Icebergs and droughts

Every good crisis is an opportunity for someone to try make money, so I note with approval that the old iceberg scheme has made a reappearance in Cape Town.

At the project cost of a mere $130 million (which for some reason is seldom rendered in rands in the news reports, possibly because 1.6 billion rand sounds like quite a lot) some chaps want to go down to Gough Island in the South Atlantic, lasso a 70-ton iceberg, tow it 2700 kilometres back to Cape Town and anchor it somewhere off the West Coast, possibly near Lambert’s Bay, where as well as being used for keeping crayfish fresh, some fellows with special tools will climb on top of the berg and turn the ice into slurry, like some supersized slush puppy, thus solving one third of Cape Town’s water needs for a year.

Personally, I think this is a terrific idea, although I am a little sad that it seems to have pulled ahead of the other equally terrific entrepreneurial proposals for solving the crisis. I liked the idea of catching a comet in a big butterfly net and bringing it close to a gigantic braai that would be lit on top of Table Mountain. As the icy core of the comet melts, Capetonians would be instructed to stand by with their buckets and Zozo tanks.

That was my favourite plan, although I do still have a soft spot for Operation Liquidate Your Assets. Not to bore you with the details, but did you know that the human body is made up of 70% water? Corpses are a resource we never run low on in the Western Cape, so all you would need is a very big squeezing device or rolling pin and a sturdy filter for keeping bits of matter out of your water supply.

But no, iceberg it is. I think all cunning plans should have a name so I like to call this one Operation Leonardo di Caprio’s Revenge, or, since it involves spending time in Cape Town with something cold, white, ungiving, implacable and hazardous to shipping, Operation Visit My Granny.

I see absolutely no reason why this plan should not succeed.
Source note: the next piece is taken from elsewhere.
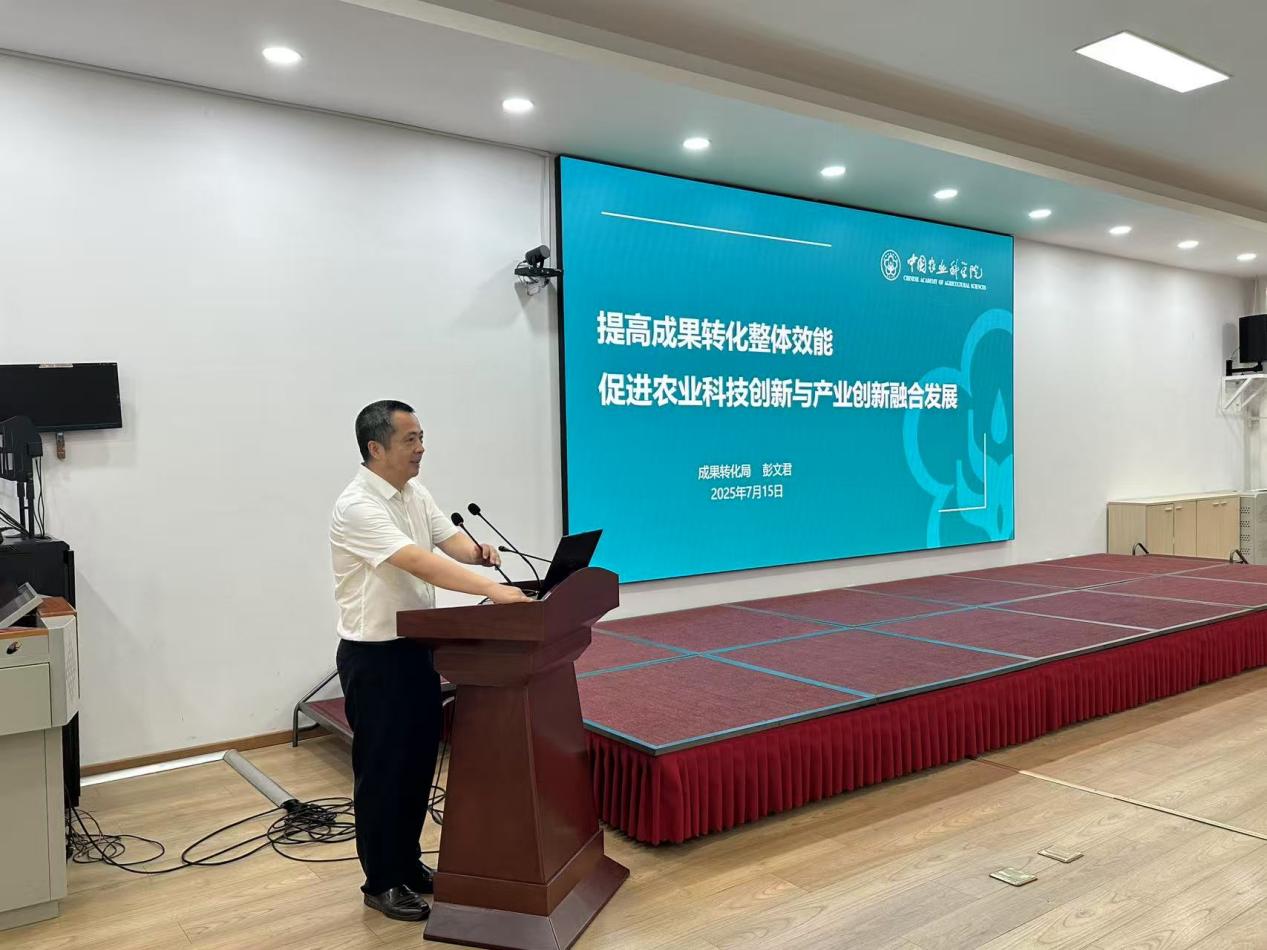 中国农业科学院成果转化局局长彭文君与会并围绕成果转化“转什么?哪里来?转给谁?怎么转?谁来转?”做了具体指导,同时介绍了成果转化的典型模式。作物科学研究所李少昆研究员分享了“玉米密植精准调控高产技术”的产业实践,团队聚焦产量潜力突破与资源高效利用,构建了现代高产高效生产技术体系,为粮油作物单产提升提供了重要支撑。农产品加工研究所平台与基地处副处长司智陟分享了“深化所地合作”的鲜活经验。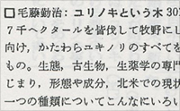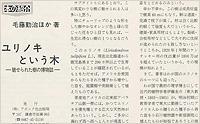 この度、毛藤勤治著「ユリノキという木」という、ただ一種類の木とそれにまつわる事柄をまとめた三百ページの本が出版された。これを聞いたとき「なにがなんでも、一つの植物についてこんなに」と抵抗を覚えたが、副題が「魅せられた樹の博物誌」、加えて、さらに英語で「ユリノキ物語」と添え書きしていることに興味をそそられて読む気になったことは事実であった。

There’s a long history of plans to tow icebergs northwards. In an early form of striking back against global inequality, a company was formed in London in 1825 with the stated purpose of towing icebergs closer to equatorial regions for the noble aim of “equalizing the temperature of the Earth”. In 1863 there was a patented plan to cut out the expense and impracticability of towing, and just attach a propeller to an iceberg.

Starting in the late 1970s there were a number of annual international iceberg conferences in which oil-rich bergophiles came together to discuss how best to harvest the frozen south for purposes of irrigating their sandy lands. The conferences were sponsored by Prince Mohammed al Faisal, nephew of the Saudi king, who in 1978 also introduced a plan to tow a 100-million ton iceberg to the Arabian peninsula. He estimated the journey would take about eight months, which really isn’t a long time when you consider how long it takes to turn trees into oil. How would he prevent the iceberg melting in the warm Indian Ocean? He had thought of that. He would wrap it in plastic.

Prince Faisal didn’t do all the engineering on the project himself – he hired a French engineer named Georges Mougin to do the maths and calculations and suchlike technical stuff. Mougin – it’s a small world when you’re an iceberg – is one of the partners in Southern Ice, the company trying to pitch on the West Coast iceberg, so at least we know there’s an expert involved.

For inspiration, I think we should turn our attention to a day in very early April 1978, when millionaire Aussie businessman Dick Smith (of Dick Smith Electronics and Dick Smith Foods fame) finally made good on his vow to tow an Antarctic iceberg into Sydney harbour. As the berg made its stately progress up the waterway it wasn’t perhaps as large as people had hoped – it wasn’t about to alleviate any drought – but Dick had done it to prove that it could be done. He would moor it beside the Sydney Opera House and sell ice cubes to the public at ten cents each so that Australians might taste for themselves the icy purity of the untouched and uncorrupted pole. He called them Dicksicles. It was a grey, heavy day and the berg gleamed white in the dim light like a bride. Phone calls flooded the radio stations, reporters were dispatched, people lined the harbour, cheering and marvelling at what might be accomplished by ingenuity and the can-do attitude.

Then it started to rain, but the people stayed to marvel, and to witness as the water slowly washed away the shaving cream and fire-extinguisher foam to reveal the white plastic sheeting on the white-painted barge, and Dick Smith standing on the tug, his little bar fridge still making ice cubes, waving and beaming and drinking a bottle of champagne.